Most of my ales have 50 to 80ppm Calcium. They typically ferment to FG in three to five days and drop very clear (without gelatine). I've successfully brewed lagers with 30ppm Calcium, which also have no problems attenuating or dropping clear. Maybe I'm just lucky. Maybe Pilsen and Munich breweries are, too.

 

[mabrungard]

The need for calcium in brewing water is overblown. While its fairly beneficial and benign in ale brewing, it can be a detriment in lager brewing since it interferes with lager yeast metabolism. In addition, elevated calcium can cause premature yeast flocculation and that can delay or stop fermentation.

I agree that calcium is not precipitated as calcium carbonate in the boil. The chemistry is not favorable for that.
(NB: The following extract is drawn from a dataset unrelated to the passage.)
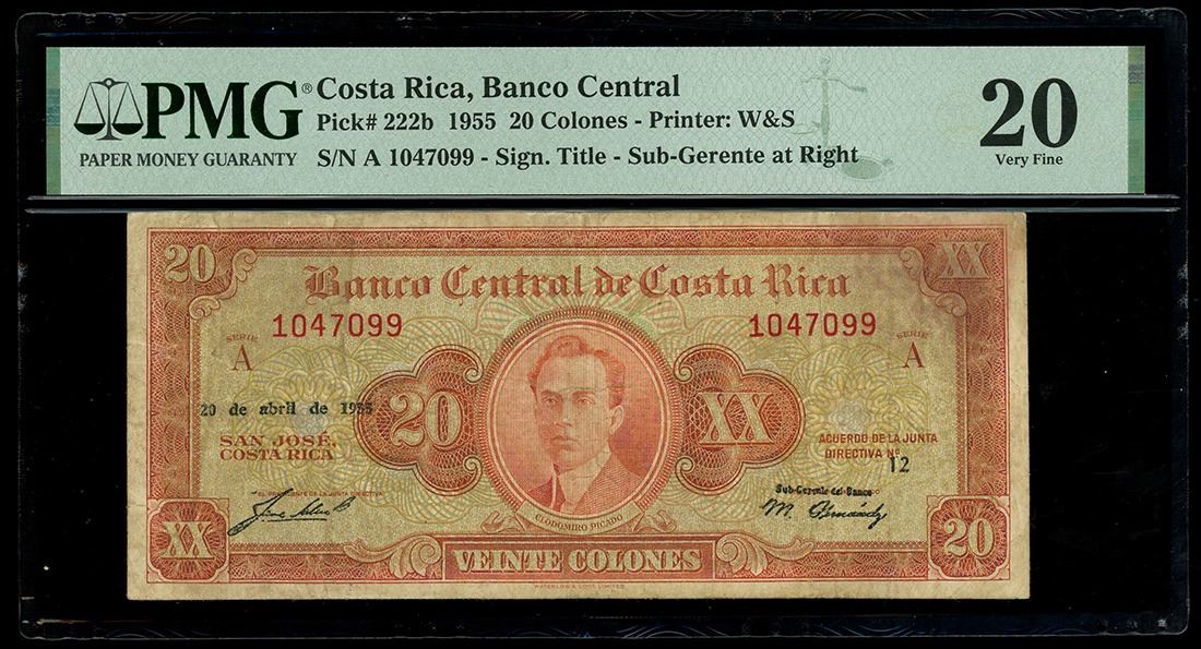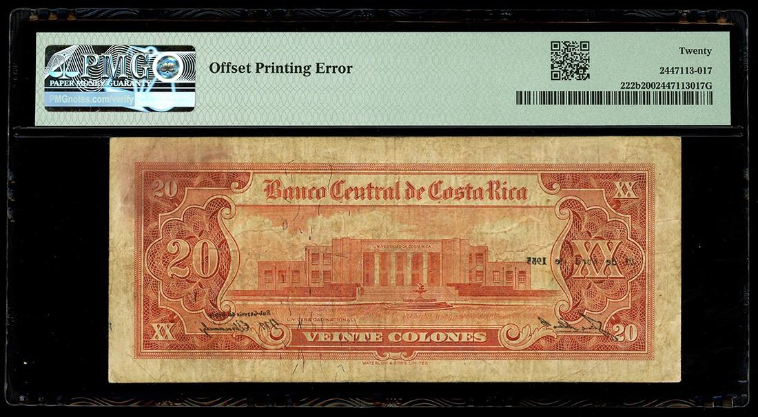 COSTA RICA, San José, Banco Central, 20 colones, 20-4-1955, series A, serial 1047099, offset printing error, PMG VF 20. Pick-222b. Clear date, signature, and directiva number overprint visible on the back of this 20 colones due to an offset printing error.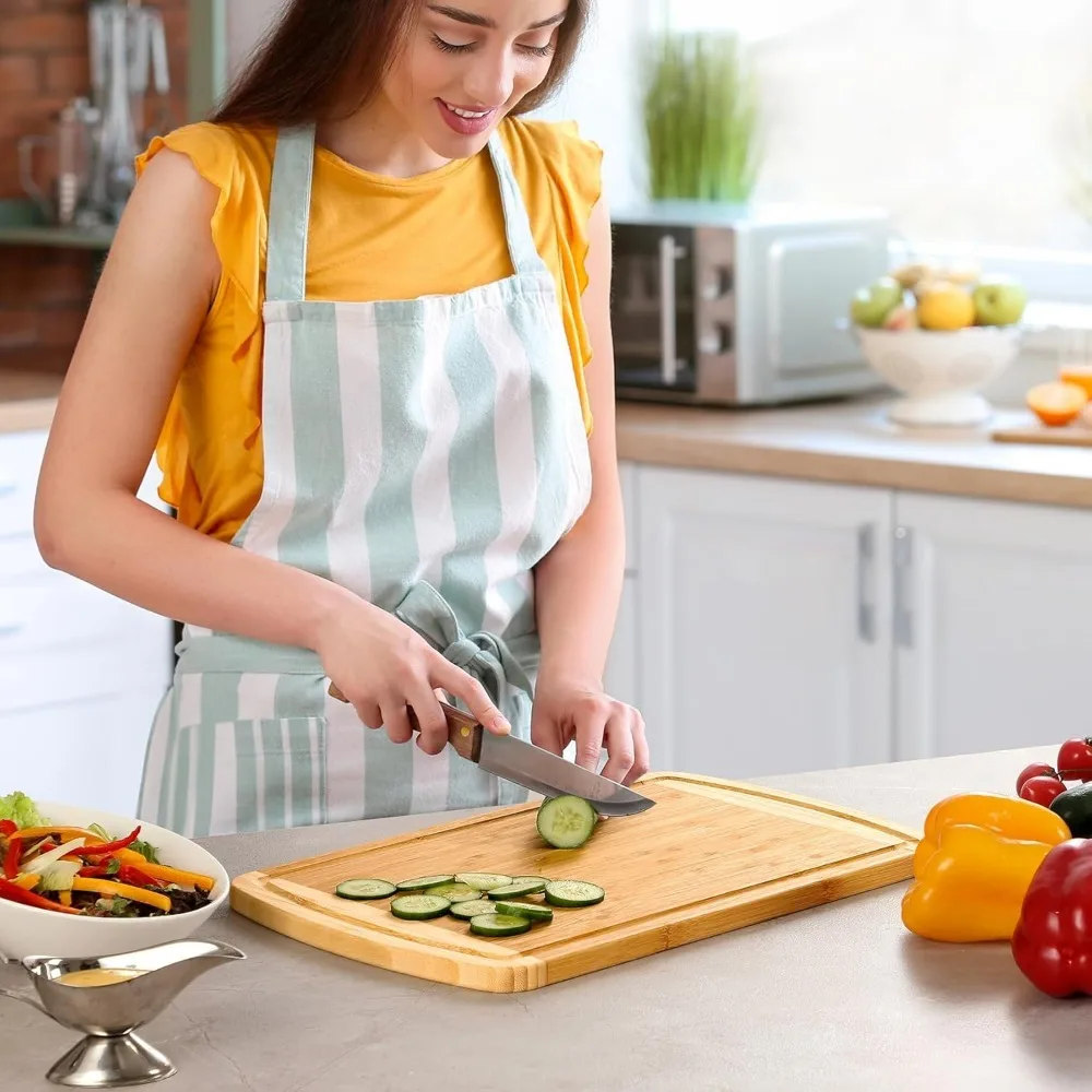 • Gentle on Knives: Unlike glass or plastic cutting boards, our bamboo board provides a smooth knife-friendly surface. It helps maintain the sharpness of your blades, ensuring precise cuts without the dulling, wear and tear.

Regarding lactate perception in beer, the dose would have to be fairly high for most tasters to perceive it. It is not true that lactic acid usage is going to produce undesirable flavor compared to phosphoric acid. The water alkalinity would have to be fairly high for lactic acid not to produce a decent beer.

 

[cire]

Does this mean you've brewed the same beer & same process with lower calcium?

Not for thirty or more years. It shouldn't necessary to learn essentials over and over again.

 

[RPh_Guy]

The calcium that is not used by phosphate and oxalate precipitation, ect, is still mostly lost in process via trub/hot-cold break and sparge/boil.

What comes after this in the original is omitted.